It may be April 1st, but this is no prank. If you work in e-discovery and haven't been thinking about biometric data, now is the time to start. Over the past year, biometric privacy cases have surged, and with several filings already this year, that trend shows no signs of slowing. Much of this litigation is driven by the Illinois Biometric Information Privacy Act, 740 ILCS 14 (“BIPA”), which imposes stringent notice requirements and allows plaintiffs to recover substantial statutory damages—up to $5,000 per occurrence for intentional violations. Corporations using technology to capture biometric data (fingerprints, facial geometry, iris scans, and voiceprints) without complying with the Act’s provisions, are finding themselves in costly class actions. Beyond the obvious compliance concerns, this wave of litigation also creates a new category of discoverable data that doesn't fit neatly into traditional e-discovery workflows.
What Makes Biometric Data Different?
Heightened Disclosure Concerns. Biometric data poses unique security challenges due to its inherently sensitive nature. Unlike passwords or account numbers, fingerprints, voiceprints, and facial geometry cannot be reset if compromised, making this data immutable and requiring heightened safeguards throughout discovery. Protective orders in these cases should include stringent confidentiality provisions and clearly defined redaction protocols.
Preservation and Destruction Don't Always Play Well Together. BIPA mandates organizations to destroy biometric data once the initial purpose for collection has been satisfied or the relationship with the individual has ended. This requirement can conflict directly with litigation hold obligations. Navigating this tension requires close coordination between compliance and litigation teams.
Informed Consent Documents Become Key Evidence. A central feature of BIPA is the requirement that corporations obtain informed written consent before capturing biometric data. If a corporation can establish compliance with this requirement, it may be positioned to file a dispositive motion. Locating these potentially exculpatory documents should be a priority early in the case.
So, What Should You Be Doing?
For e-discovery practitioners, the takeaway is clear: data governance and discovery readiness go hand in hand. Organizations deploying technologies that capture biometric data without first obtaining informed written consent risk becoming defendants in BIPA class actions. Once a suit is filed, proactive measures are essential: properly classifying and protecting this data, confirming that workflows can handle non-traditional data types, and establishing clearly defined protocols for safeguarding biometric information. These formats can also require specialized tools for extraction, processing, and review.
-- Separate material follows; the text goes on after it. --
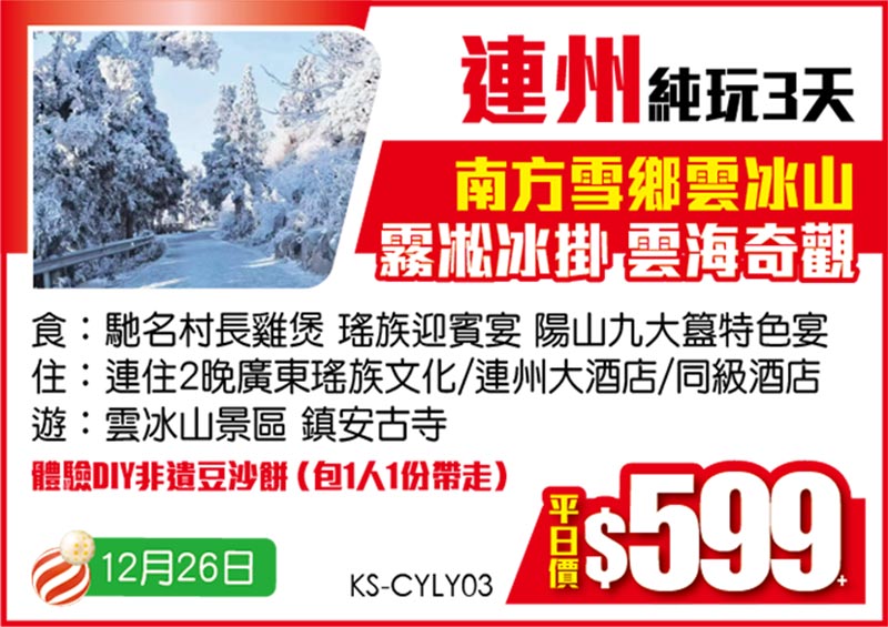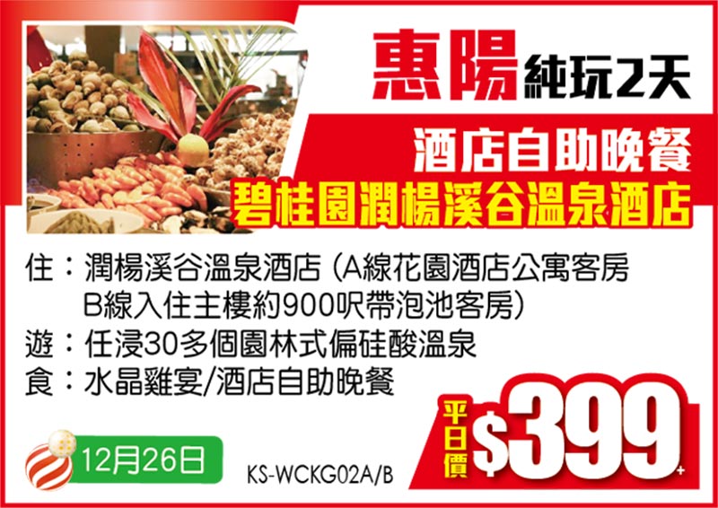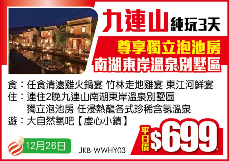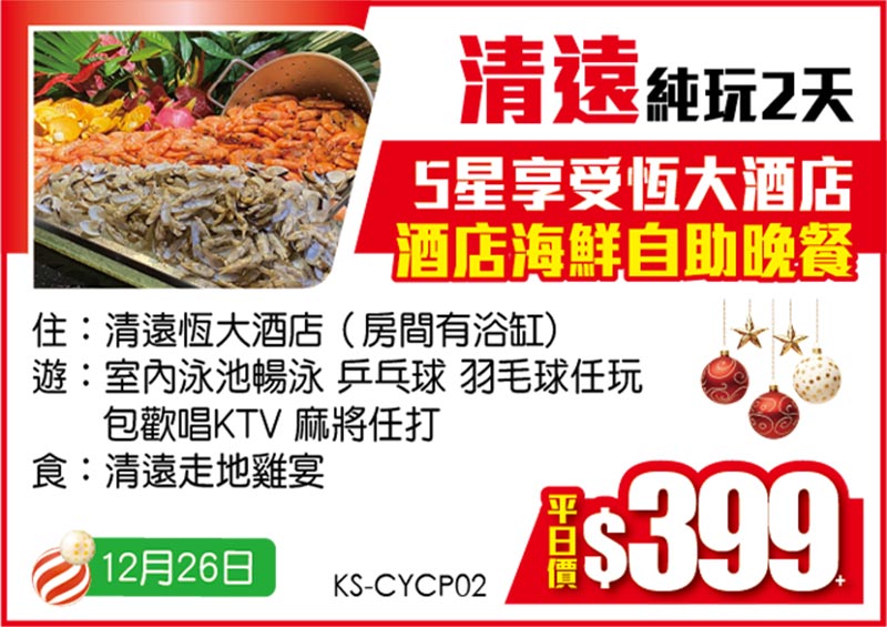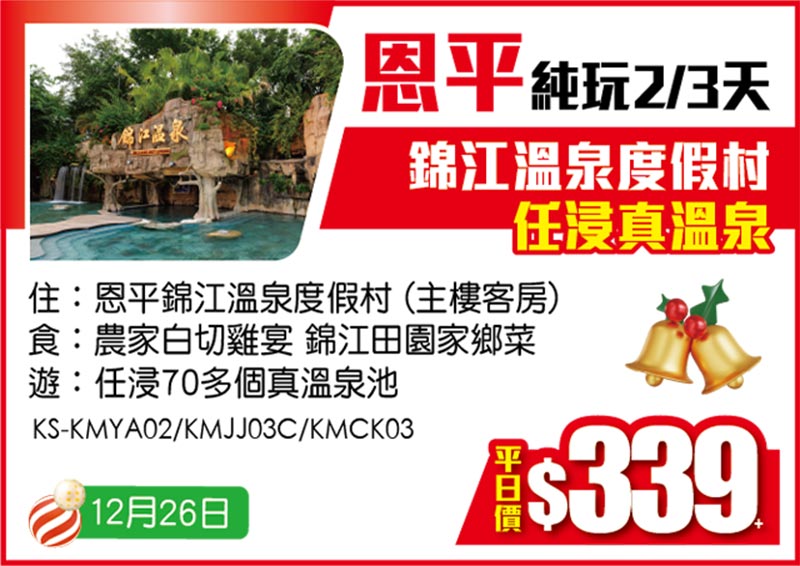 聖誕出發【平日價】純玩2/3天 只要$229+!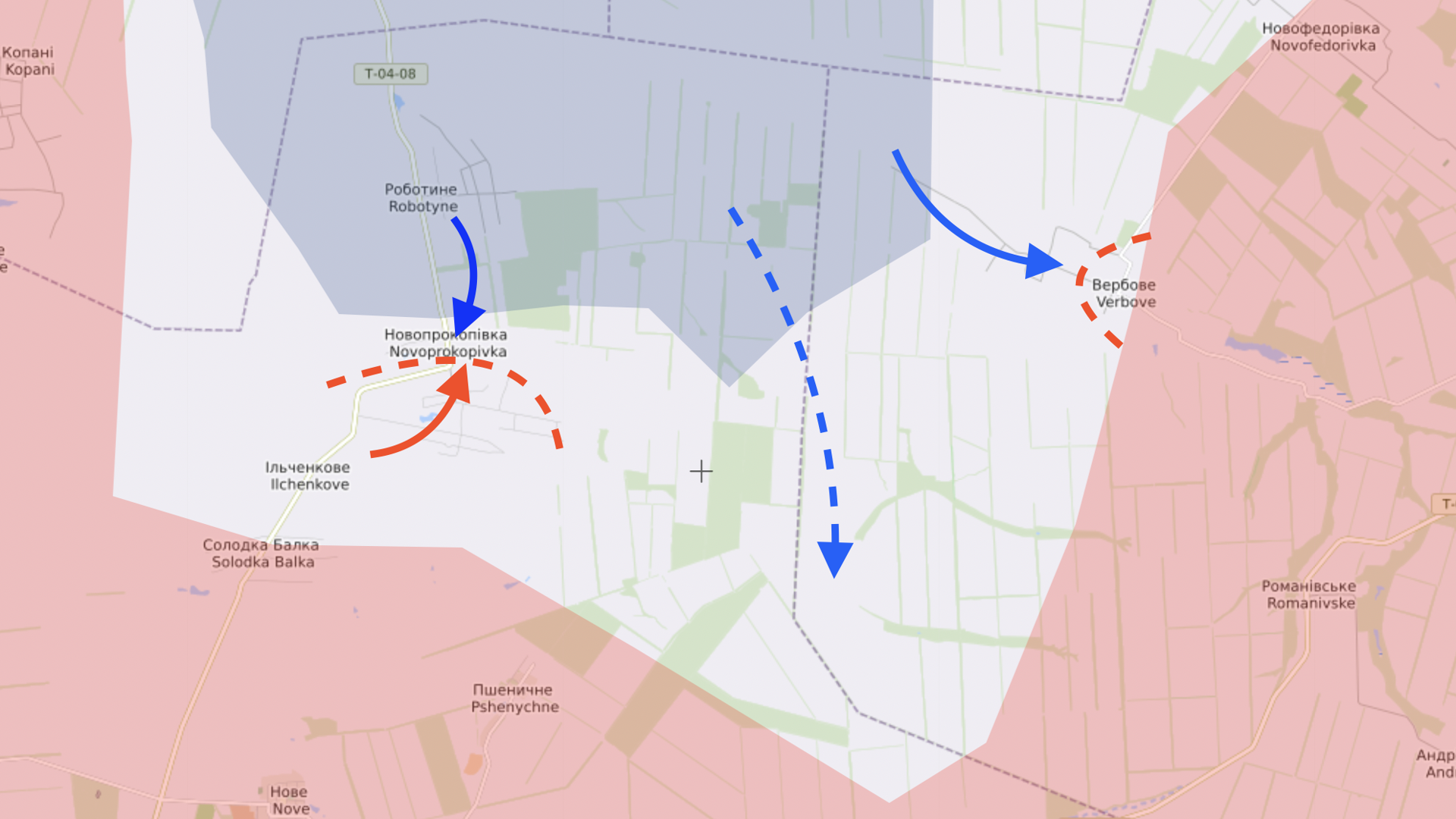 Активные действия на фронте проходят все там же — в районе сел Работино и Вербовое. ВСУ не только прошли первую линию укреплений (так называемую линию Суровикина), но и вошли на окраину Вербового. В Новопрокоповке также были замечены украинские силы. Есть кадры с контратакой российских военных.

Given the complexity and costs of obtaining and producing biometric data, format and usability issues should be addressed at the outset of discovery.
Bottom Line
BIPA is no joke, and this is only going to get more complex. Additional states (Arizona, California, New York, and Oregon, to name a few) are actively considering or reconsidering their own biometric privacy statutes, and organizations operating across multiple jurisdictions will need a “fool-proof” biometric privacy framework to stay compliant. Staying ahead of these challenges isn’t optional or folly—it's essential.